From the material below, return exactly the lines starting at the one that holds "美国副总统万斯以被动指数投资" and ending at the one that holds "- ชุดว่ายน้ำวันพีซดีไซน์เรียบหรูโดย Asava". Pictures stay out of the answer.
-*-*-
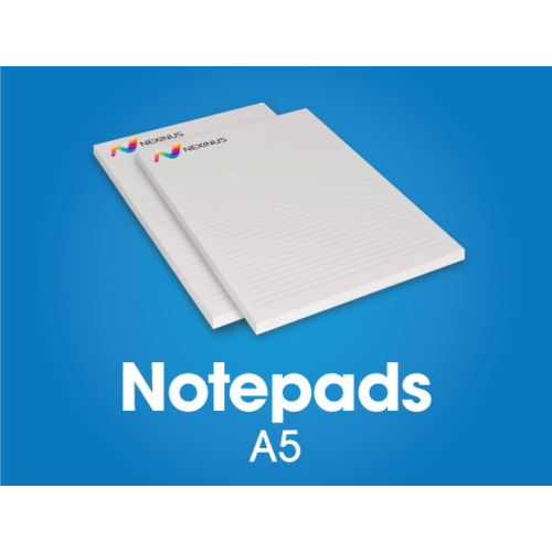 A5 Note Pads printed full colour 1 side on 100gsm bond. Padded in 50's with a backing board
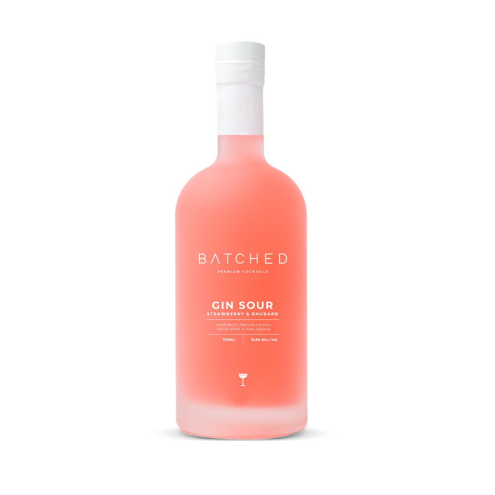 Introducing Batched Gin Sour Strawberry & Rhubarb. Impress your friends with this easy & delicious treat, simply shake with ice & pour for a beautiful cocktail.
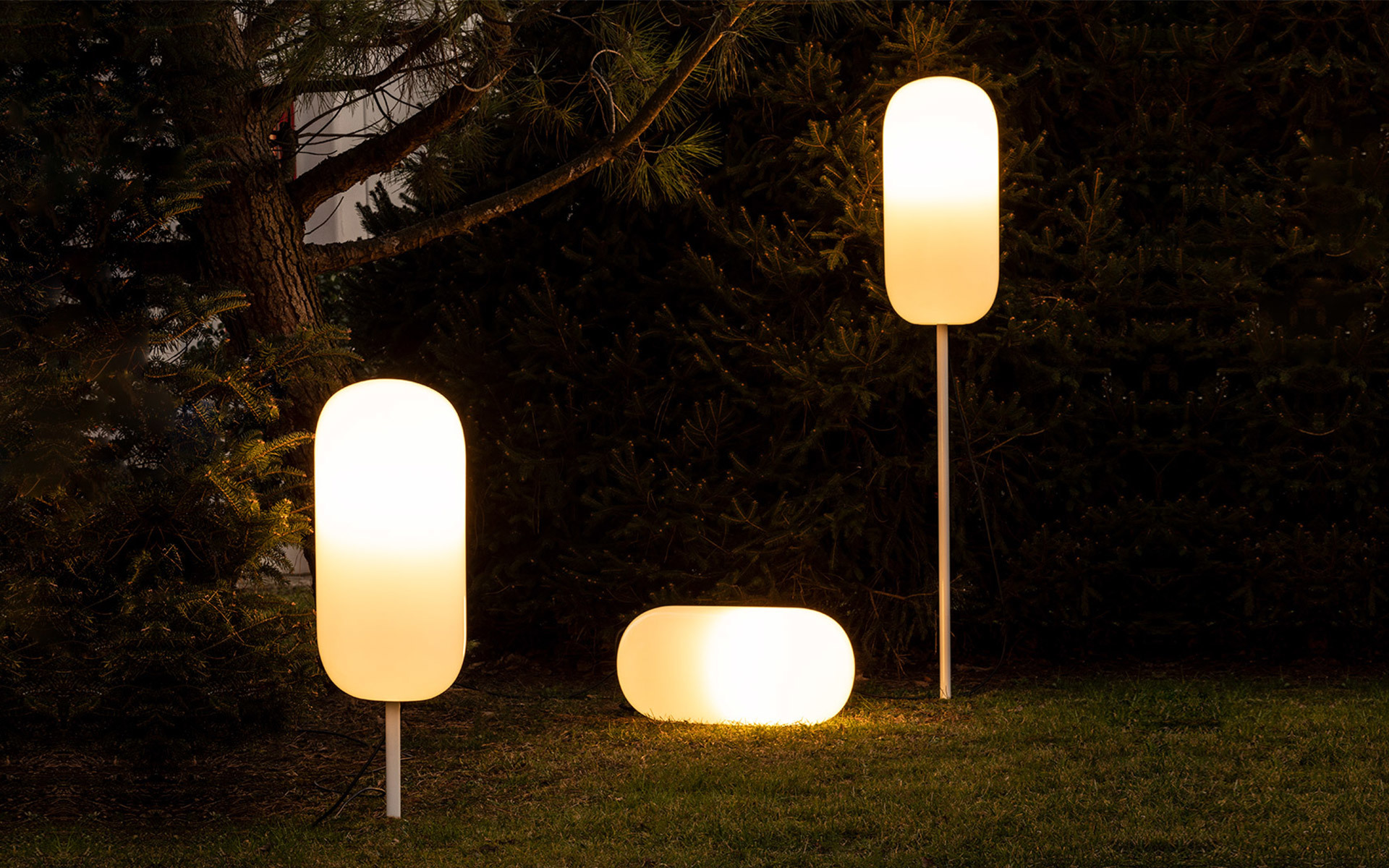 Starting from the iconic silhouette of the glass, it is declined in material dimensions and functionality to generate new ways of lighting: a potable lamp, an outdoor family, a track with spot that dialogues with the Alphabet of Light system.
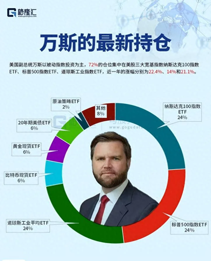 美国副总统万斯以被动指数投资为主,72%的仓位集中在美股三大宽基指数——纳斯达克100指数ETF、标普500指数ETF、道琼斯工业指数ETF,近一年的涨幅分别为22.4%、14%和21.1%。
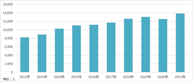 大学新卒で建築・土木・測量技術者(以下、建設技術者)として就職した学生数について、過去10年間の推移をみると、2012年卒の8,213人から2019年卒の13,051人まで8年連続で増加しました(図表1)。2020年は東京オリンピック・パラリンピック関連の建設需要が落ち着いたこともあり、12,539人(前年比3.9%減)となりましたが、2021年は再び増加に転じて13,837人(同10.4%増)となるなど、この10年間で約1.7倍になりました。このことから大学新卒で建設技術者として就職する学生数は増加傾向にあることが分かります。
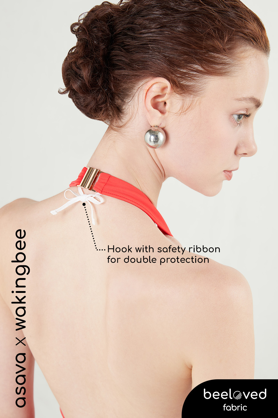 - ชุดว่ายน้ำวันพีซดีไซน์เรียบหรูโดย Asava ที่มาพร้อมทรงคอสูงและตัดต่อเปิดช่องที่ด้านหน้า
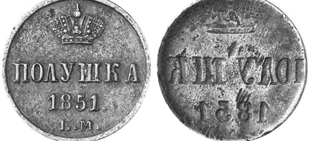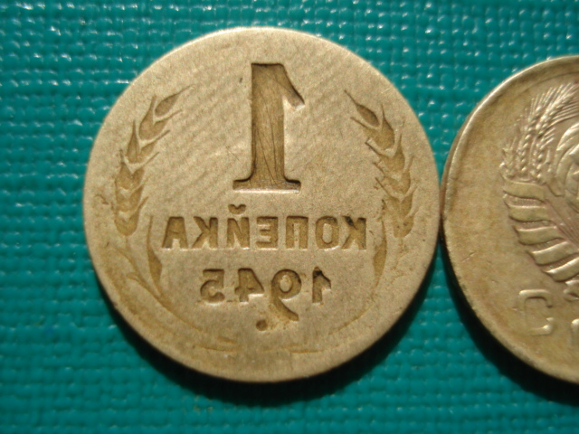 Такого «растекания» инкузного оттиска как на полушке, на копейке вряд ли удастся достичь, даже при множественном повторении ударов. Сдаётся мне, что монета «работающая» штемпелем залипла к штемпелю находящемуся всегда в кольце, и оно (кольцо) не позволит рисунку расширятся, только деградировать (уплощаться и расширятся) самим деталям рисунка.
-*-*-
Answer for the task »
 美国副总统万斯以被动指数投资为主,72%的仓位集中在美股三大宽基指数——纳斯达克100指数ETF、标普500指数ETF、道琼斯工业指数ETF,近一年的涨幅分别为22.4%、14%和21.1%。
 大学新卒で建築・土木・測量技術者(以下、建設技術者)として就職した学生数について、過去10年間の推移をみると、2012年卒の8,213人から2019年卒の13,051人まで8年連続で増加しました(図表1)。2020年は東京オリンピック・パラリンピック関連の建設需要が落ち着いたこともあり、12,539人(前年比3.9%減)となりましたが、2021年は再び増加に転じて13,837人(同10.4%増)となるなど、この10年間で約1.7倍になりました。このことから大学新卒で建設技術者として就職する学生数は増加傾向にあることが分かります。
 - ชุดว่ายน้ำวันพีซดีไซน์เรียบหรูโดย Asava ที่มาพร้อมทรงคอสูงและตัดต่อเปิดช่องที่ด้านหน้า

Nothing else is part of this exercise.